Among the details included in court records are that private executioners have been paid in cash, drugs have been purchased from a pharmacy that failed quality tests and that executions have moved ahead in the middle of the night.

It is not clear why private contractors were hired to carry out the executions. A Bureau of Prisons lawyer was quoted in a deposition saying: ‘If we didn’t pay them in cash they probably wouldn’t participate’. 

One execution has gone ahead while an appeal was still pending.

Authorities also left Daniel Lewis Lee, who was the first federal inmate executed in July, strapped to a gurney while lawyers tried to remove a Supreme Court order, the court documents show. 

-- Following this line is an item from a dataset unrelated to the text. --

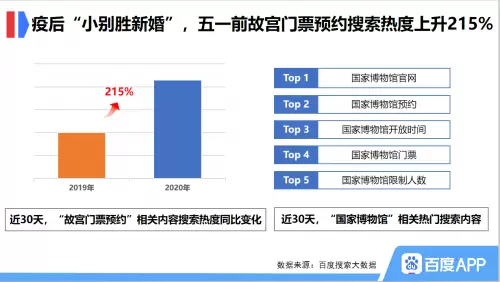 “闭关”三个多月的博物馆虽然重新开放,但大多数实行预约、错峰、限流参观。有限的参观人数无法满足人们被抑制了三个多月的热情,博物馆预约迎来一波“小别胜新婚”。百度搜索大数据显示,近30天,“故宫门票预约”相关内容搜索热度同比上升215%,“国家博物馆”的相关热门搜索内容分别为官网、预约、开放时间、限制人数等。

He was executed as soon as the government lawyers wiped out the legal obstacle. 

‘Today, Lee finally faced the justice he deserved,’ Barr said in a statement at the time. 

The White House has not commented on ProPublica’s report regarding the rush to execute the inmates. 

In a statement, the Justice Department said: ‘Seeking the death penalty and carrying out capital sentences is not a political issue, nor have political considerations influenced the department’s decisions. 

‘The death penalty is a law enforcement and public safety issue, and the department is obligated to carry forward these sentences regardless of who is the president or the attorney general.’